I see that my solution is different from uDebug, but I cannot see why uDebug would be right.

My input is:

Code: Select all

``````1
( 0.41 / 2.00 )``````
For which my answer is 0.21 and uDebug says 0.20. The PDF brief says that 0.005 must be rounded to 0.01.
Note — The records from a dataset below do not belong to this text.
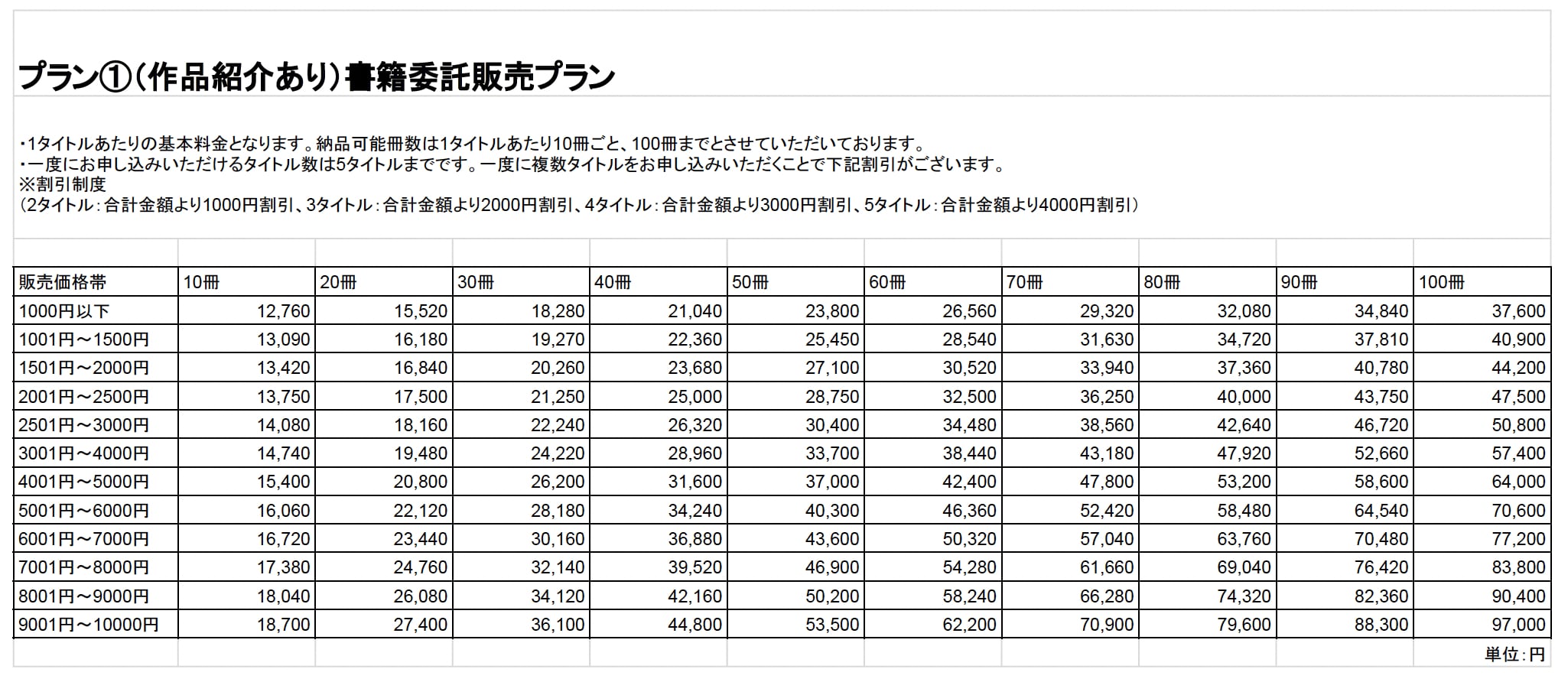 プラン①: (作品紹介あり) 書籍販売委託プラン・割引詳細
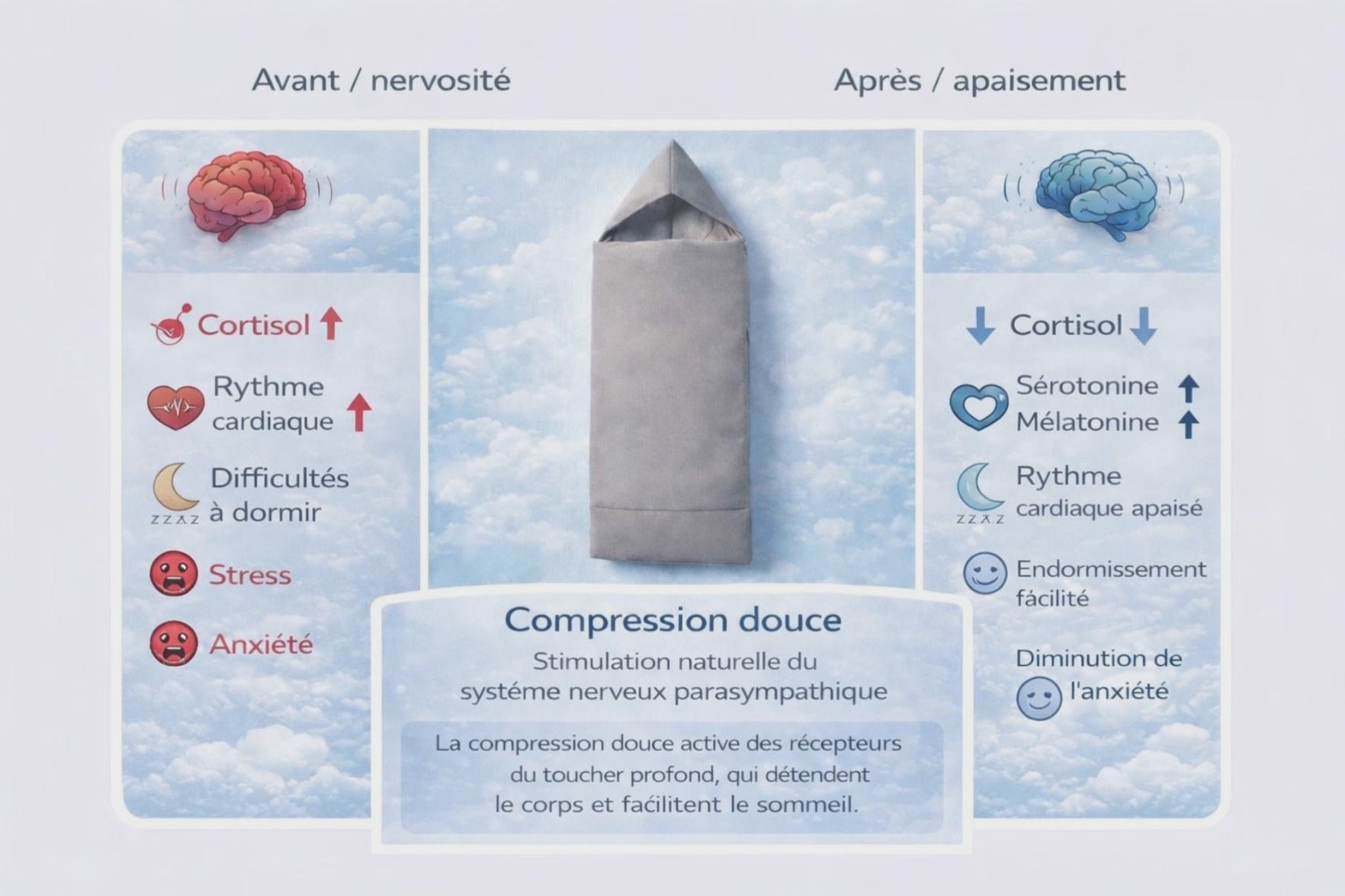 La couverture Cocon est née. une pression douce qui dit à votre système nerveux qu’il peut enfin relâcher. Comme un câlin qui dure toute la nuit.
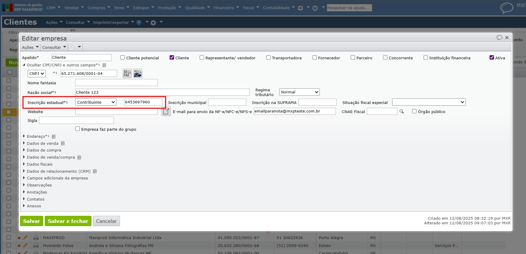 Observação: preste atenção ao padrão do IE da Unidade Federativa (UF) do seu cliente. Para saber sobre os tamanhos das IEs por UF e suas regras de validação, clique aqui.
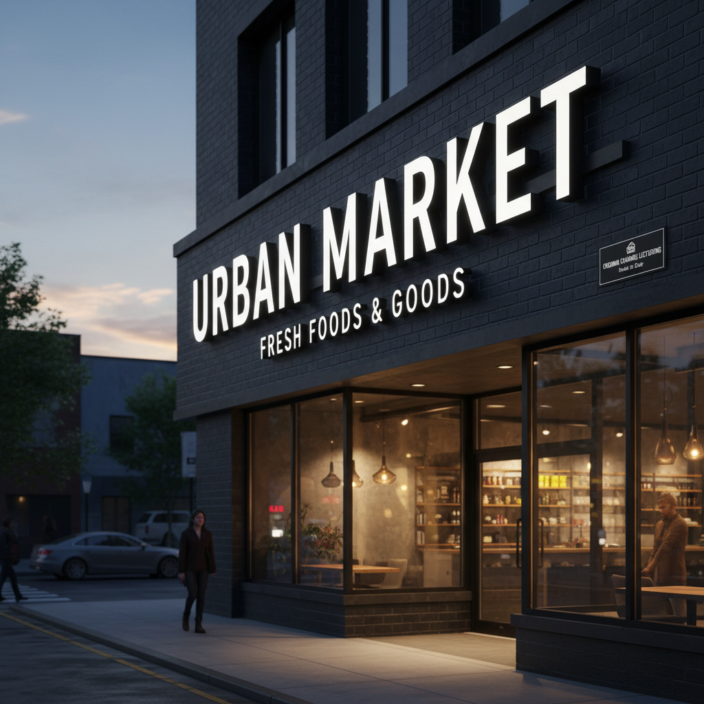 Transform your storefront into a neighborhood landmark. As seen with "Urban Market," our bold front-lit channel letters offer high-contrast visibility against dark, industrial exteriors like charcoal brick. These signs are engineered for maximum legibility from a distance, ensuring that your "Fresh Foods & Goods" are noticed by every passerby, day or night.
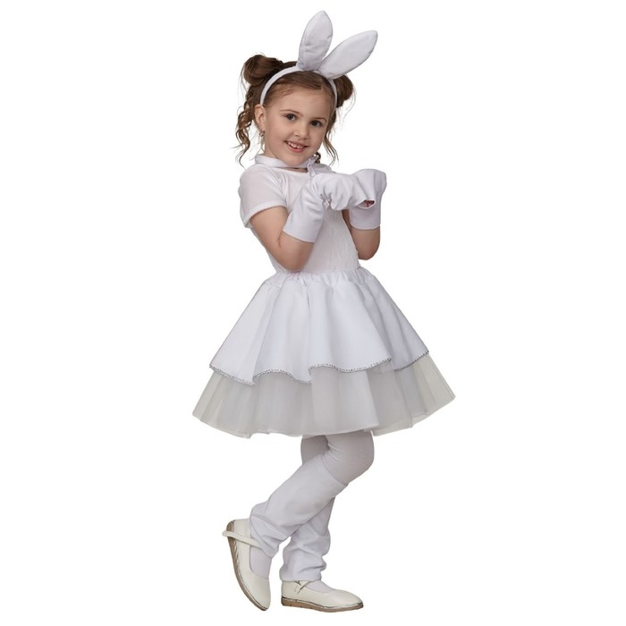 Карнавальный костюм «Зайка Буся», юбка, гетры, перчатки, бантик на шею, ободок, рост 110–134 см

Does anybody have an idea?

My solution is below, it uses either doubles or numerator/denominator pairs to represent the rational numbers, but either setting leads to Wrong Answer:

Code: Select all

``````#include <cmath>
#include <iomanip>
#include <iostream>
#include <sstream>
#include <string>
#include <type_traits>
#include <utility>

// Requires C++11

typedef long long int_type;

int_type gcd(int_type a, int_type b) // Greatest Common Denominator
{
if (a < b) std::swap(a,b);
if (a == 0) return 1;
if (b == 0) return a;
while (a = a % b) std::swap(a, b);
return b;
}

struct number
{
number() : div(1), d(1), n(0){}
number(int_type num, int_type den) : div(gcd(abs(num), abs(den))), n(num / div), d(den / div) {}
number(double real) : div(1), n(static_cast<int_type>(round(100 * real))), d(100){}

number operator+(const number& b) const { return number(n * b.d + b.n * d, b.d * d); }
number operator-(const number& b) const { return number(n * b.d - b.n * d, b.d * d); }
number operator*(const number& b) const { return number(n * b.n          , b.d * d); }
number operator/(const number& b) const { return number(n * b.d          , b.n * d); }

const int_type div; // common divider
const int_type n;   // numerator
const int_type d;   // denominator
};

double round2(double v)
{
const int p = 100;
return round(v * p) / p;
}

double round2(const number& v)
{
const int p = 100;
const double out = (((abs(v.n) * 2 * p) / abs(v.d) + 1) / 2) / static_cast<double>(p);
return (v.n * v.d < 0 ? -out : out);
}

template<typename T> // T is either number or double
T parse(std::istream& is)
{
std::string str;
is >> str;
if (str[0] == '(') { // read the expression
const T lhs = parse<T>(is); // parse lhs expression
is >> str;
char operation = str[0];
const T rhs = parse<T>(is); // parse rhs expression
is >> str; // skip closing bracket

switch (operation) { // perform the operation
case '+': return lhs + rhs;
case '-': return lhs - rhs;
case '*': return lhs * rhs;
case '/': return lhs / rhs;
default:  return T(); // default surpresses a warning in VS
}
}
else { // parse the value
return T(std::stod(str));
}
}

int main()
{
static const bool use_floating_point = false;
typedef std::conditional<use_floating_point, double, number>::type number_type;
std::string line;
std::getline(std::cin, line);
std::stringstream ss(line);
int n;
ss >> n;
for (int i = 0; i < n; ++i) {
std::getline(std::cin, line);
std::stringstream ss2(line);
std::cout << std::fixed << std::setprecision(2) << round2( parse<number_type>(ss2) ) << std::endl;
}
return 0;
}
}``````

brianfry713
Guru
Posts: 5947
Joined: Thu Sep 01, 2011 9:09 am
Location: San Jose, CA, USA

### Re: 12803 - Arithmetic Expressions

I agree that it's wrong but I tried a few different ways and got WA.
To get AC I just used:
printf("%.2lf\n", result);

If you find a way to get AC and the correct output for that input let me know.
Check input and AC output for thousands of problems on uDebug!

alexhighviz
New poster
Posts: 3
Joined: Fri Nov 21, 2014 4:00 am

### Re: 12803 - Arithmetic Expressions

Thanks. That fixes it. It is a bit of a pity if the wrong answer is accepted and the right one is not. It would have been better if they had asked for three decimal digits and allow us to be 0.001 off.